Takai stresses that she still considers the user as being the designer and creator, even when AI is used. She sees AI as a tool that saves time, makes things more efficient, and gives the designer more options. She emphasized that the user still needs to do extensive research and be involved in the creative process: “If you start saying that whatever the AI gives you is good enough—then it’s not good.” Using AI also indirectly helped her improve her rendering skills, in order to make the renderings look more like the AI prototypes. If she didn’t have a clear idea, AI couldn’t produce one out of thin air, but “when I had a concrete goal,” she concluded, “it was very easy for me with AI.”

Still, the AI tools only took each student’s project so far in envisioning the multi-sensory spectacle of opera. Many of the models produced for the studio emphasized movement: sets embedded with motors and rotating elements created literal motion while sheer or translucent materials in the costumes underscored the visual effect of constant flux. Such projects explored the full potential of opera as an immersive art form, connected with other contemporary cultural expressions such as Punchdrunk’s Sleep No More or Diane Paulus’s Masquerade, a reimagined production of The Phantom of the Opera. Students also cited as inspiration visual art, films, and even television shows such as Amazon Prime’s 2020 sci-fi series Upload.

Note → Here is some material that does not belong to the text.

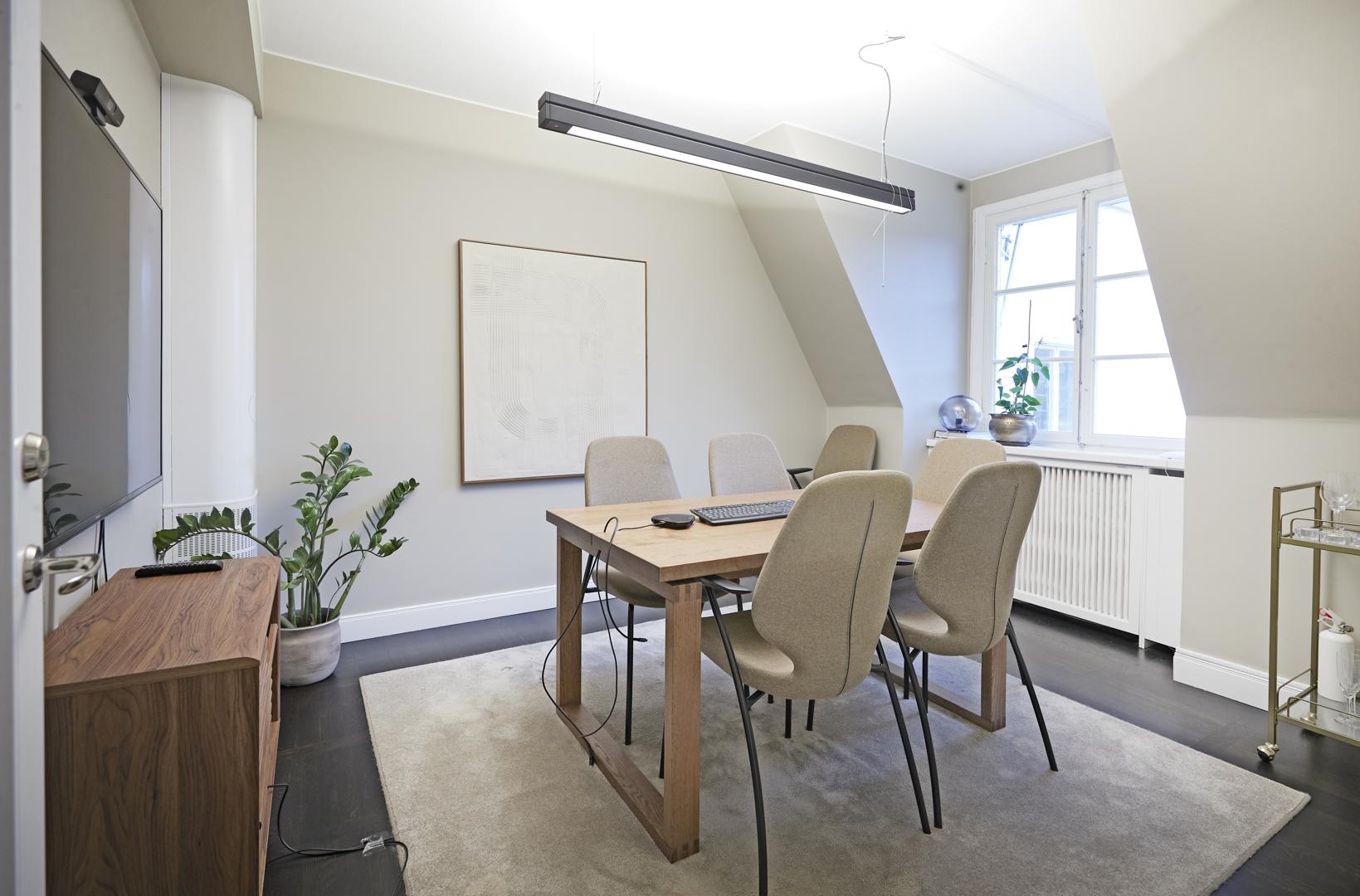 Planlösningen består av ett öppet arbetslandskap och ett separat kontor, kompletterat med mötesrum i varierande storlekar som passar allt från snabba avstämningar till större möten.

“At the heart of contemporary debates surrounding artificial intelligence and artistic creation lies a fundamental question,” says Manferdini, “does AI open up new modes of perception and representation for artists and designers, or does it instead diminish our capacity to meaningfully comprehend and portray reality?” Developments in AI’s ability to generate visual art, music, and text, “have intensified concerns about bias, creative homogenization, and a growing sense of AI fatigue,” continues Manferdini. The basis of “The Dream Factory” was exploring how AI “can genuinely expand cultural possibilities and reshape our understanding of originality in the digital age.” Even beyond design-related disciplines, Manferdini sees the challenges of AI as foregrounding fundamental questions about education in general. “If AI can generate texts, images, and design proposals in seconds,” she says, “then cultivating curiosity, conceptual depth, and the ability to frame meaningful questions remain at the center of what education must continue to provide.”